## Your task:
A word-for-word copy of the lines below, starting at the line with "子ども達は、まるで「宝物」で" and ending at the last one, is what you should give. Omit every picture.
Data provided Start Marker
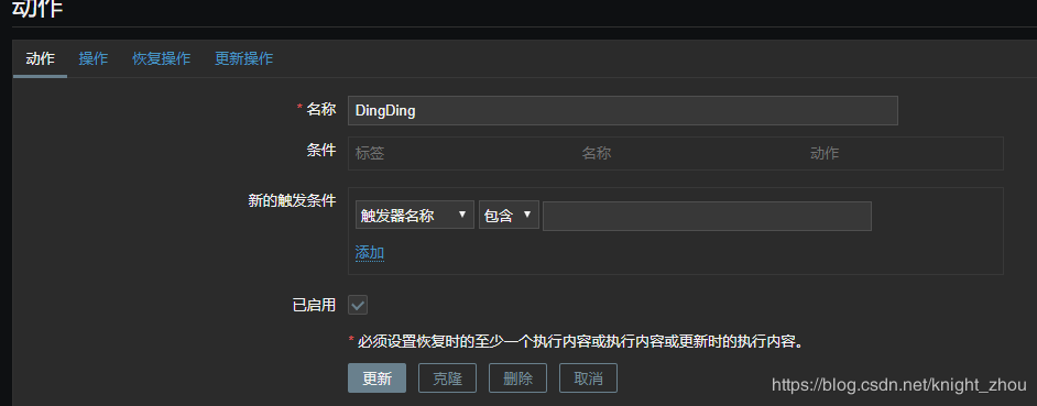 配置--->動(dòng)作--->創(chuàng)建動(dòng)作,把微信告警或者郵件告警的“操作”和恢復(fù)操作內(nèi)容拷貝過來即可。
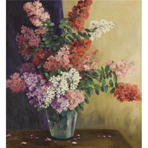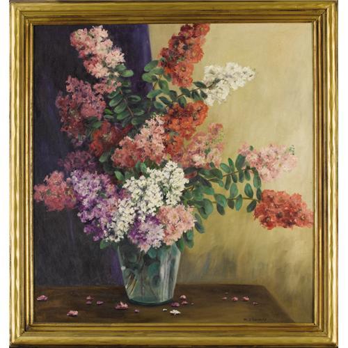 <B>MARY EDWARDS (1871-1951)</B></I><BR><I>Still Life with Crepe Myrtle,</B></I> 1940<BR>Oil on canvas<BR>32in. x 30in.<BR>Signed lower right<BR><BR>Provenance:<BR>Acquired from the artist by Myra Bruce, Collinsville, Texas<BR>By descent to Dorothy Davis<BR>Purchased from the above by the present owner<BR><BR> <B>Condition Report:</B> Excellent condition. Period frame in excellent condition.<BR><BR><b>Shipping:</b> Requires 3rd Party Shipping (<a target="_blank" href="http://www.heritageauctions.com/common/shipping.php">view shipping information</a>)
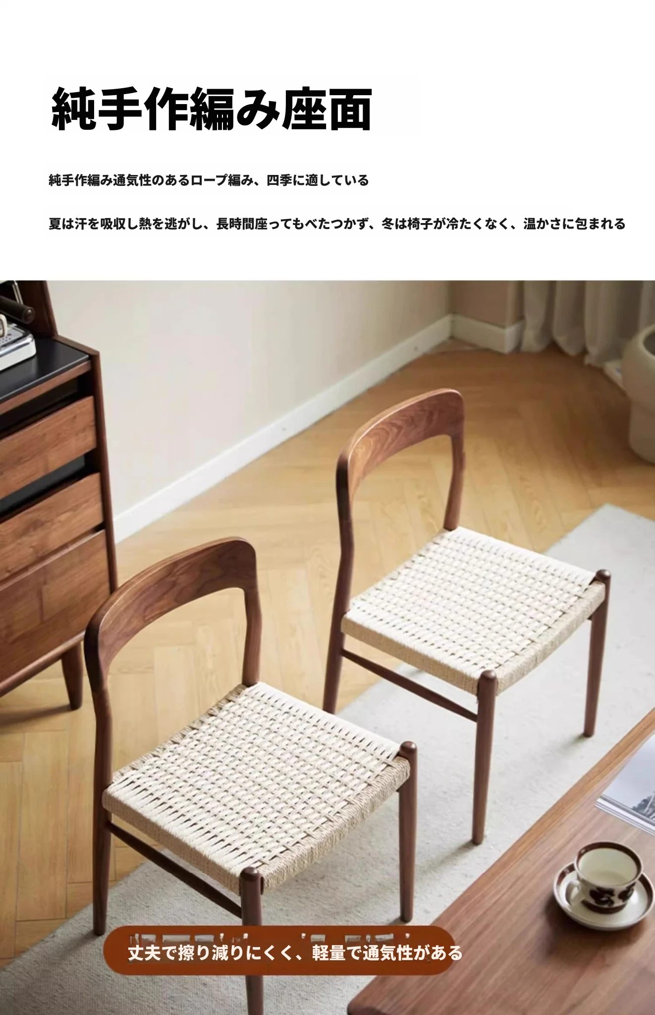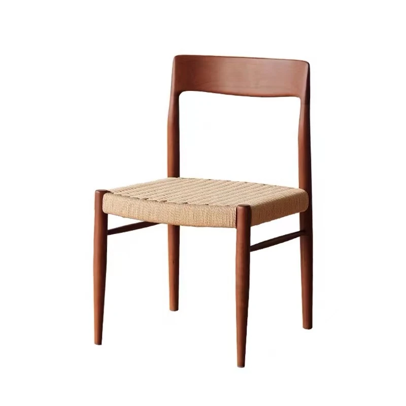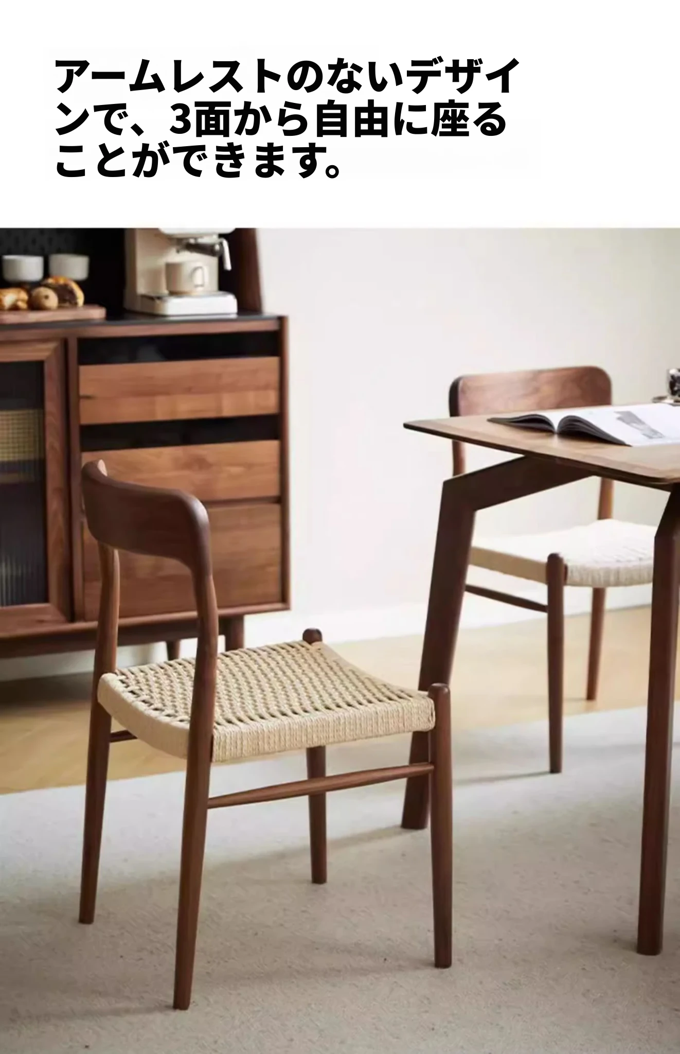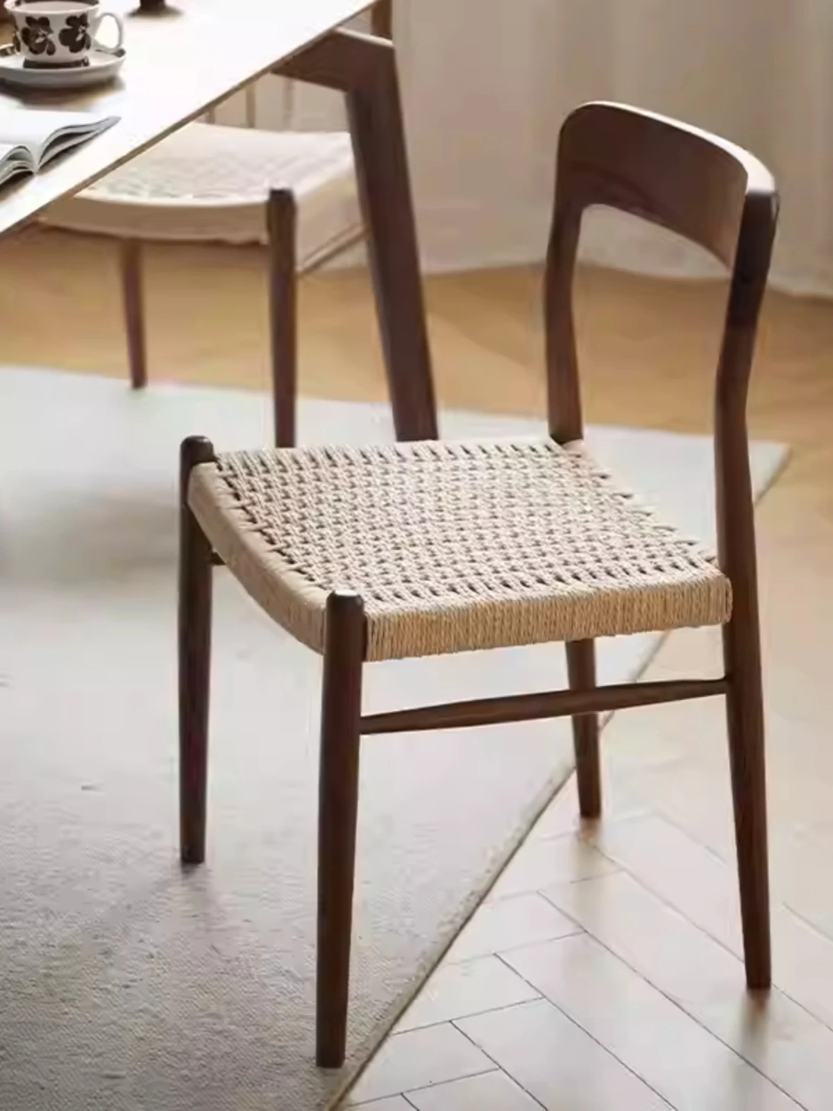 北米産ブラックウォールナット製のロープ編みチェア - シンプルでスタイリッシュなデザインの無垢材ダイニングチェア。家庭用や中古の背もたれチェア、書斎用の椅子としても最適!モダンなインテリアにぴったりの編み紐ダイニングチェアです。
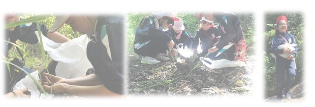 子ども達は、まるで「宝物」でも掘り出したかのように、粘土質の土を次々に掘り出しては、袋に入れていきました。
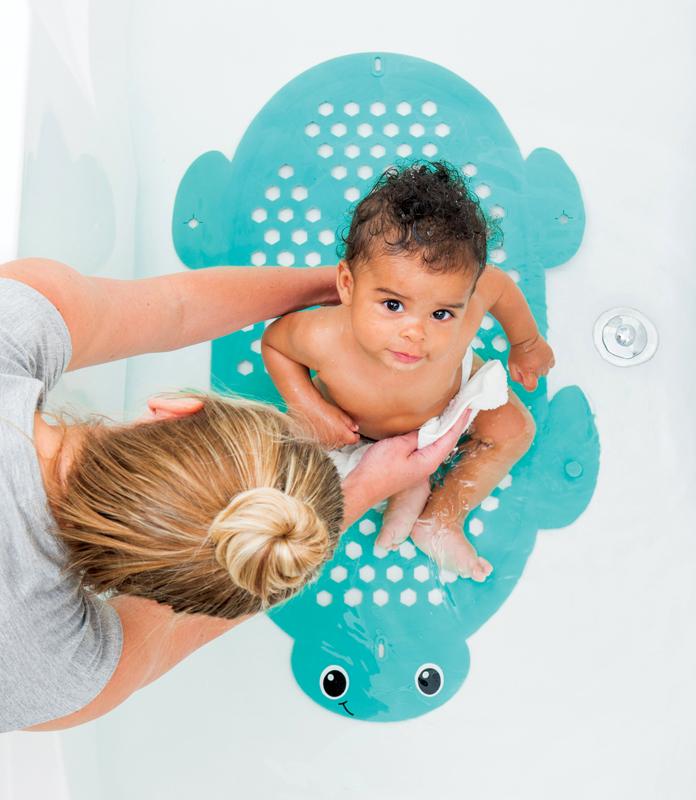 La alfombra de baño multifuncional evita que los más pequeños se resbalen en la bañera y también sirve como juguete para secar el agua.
Data provided End Marker
## Worked solution:
 子ども達は、まるで「宝物」でも掘り出したかのように、粘土質の土を次々に掘り出しては、袋に入れていきました。
 La alfombra de baño multifuncional evita que los más pequeños se resbalen en la bañera y también sirve como juguete para secar el agua.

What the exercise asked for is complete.